Карлос не верил в проклятия, а магистры, которых за всю их жизнь проклинали несчетное количество раз, и подавно. Но все равно на душе оставался неприятный осадок, предчувствие чего-то нехорошего, ожидание беды…
Внезапно Матадора осенило: кажется, он догадался, что именно кричал перед смертью сеньор Диего. Да, действительно, очень похоже на…
«Ангел Смерти! Ангел Смерти уже здесь! Молитесь!»
Жуткие вещи, если думать о них на ночь глядя…
На путь до лесистой возвышенности Каса де Кампо Сото Мара потратил не день, а целых три. Купив новую одежду и избавившись от старой, исполненный решимости умереть верный тирадор своего сеньора направился было воплощать в действительность собственную смерть, но вместо этого вынужден был срочно искать себе укрытие – город кишел Защитниками Веры. Выяснилось, что в Мадрид прибывал с визитом Апостол Транспорта – этим и объяснялись столь повышенные меры безопасности.
Сото снял комнату с окнами на восток в маленьком трактире и стал ждать, когда Защитники Веры наконец расползутся по казармам, а на улицах останутся лишь обычные, лениво прохаживающиеся патрули, избежать встречи с которыми было проще простого. Для идущего на смерть любая отсрочка являлась худшей пыткой, но Мара желал встретиться лицом к лицу только со своими главными врагами. Вступить в схватку с Защитниками Веры и пасть от их пуль было бы тоже храбрым поступком, однако в этом случае сеньор скорее всего никогда не узнал бы об искуплении позора своего старшего тирадора. А Сото очень рассчитывал на то, что сеньор все-таки еще услышит о нем.
Находясь в томительном ожидании, Мара даже соорудил себе из обрывка простыни повязку на голову, подобную той, какую надевали его предки-камикадзе прежде, чем отправиться на героическое самопожертвование в начиненных взрывчаткой машинах. В самом центре повязки Сото тоже изобразил восходящее солнце, за неимением красной краски нарисованное собственной кровью. Выводить рядом загадочные буквы предков он уже не стал, поскольку все равно не понимал, что они означают. А с солнцем все было ясно: у предков оно символизировало государственный герб и верность родине, а у Мара – то, чем он вдохновлялся и восхищался на протяжении многих лет. Символ всей его жизни.
Солнце. Тысячелетиями верное выбранному пути и ни разу не сошедшее с него. Не подвластное никому и ничему на Земле.
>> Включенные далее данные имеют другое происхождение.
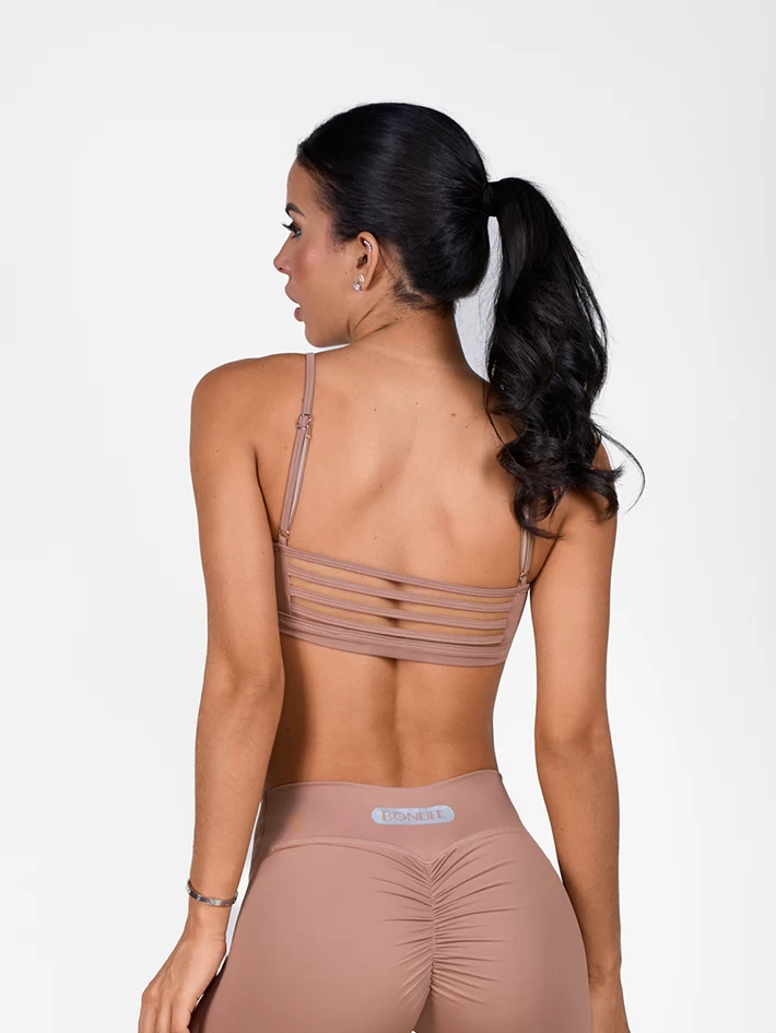 Top realce de busto con detalle de trabillas posteriores para un look moderno y vestidor, herrajes de acero inoxidable. Tela con tecnología Xdry, de tacto suave y máxima elongación. Aplique reflectivo.

Возможно, не подвластное даже времени. Справедливое из справедливых, ибо одинаково щедро одаривает теплом как нищего, так и Пророка; сам Господь не мог похвастаться такой справедливостью к своим рабам.
Солнце – единственное, что, по мнению Сото, могло служить гербом настоящего воина.
Два дня наблюдал Мара восход из окна трактирной комнаты. Даже грязное, засиженное мухами и потрескавшееся стекло не могло принизить для него величие восходящего солнца. Именно под символом солнца войдет Сото в логово врагов, растоптавших честь сеньора, а также его сына. Жаль, что Охотникам не дано понять смысл этой символики, но, может быть, после того, как те познакомятся поближе с ее носителем, они хотя бы обратят на нее внимание. А для потомка великих воинов это тоже немало…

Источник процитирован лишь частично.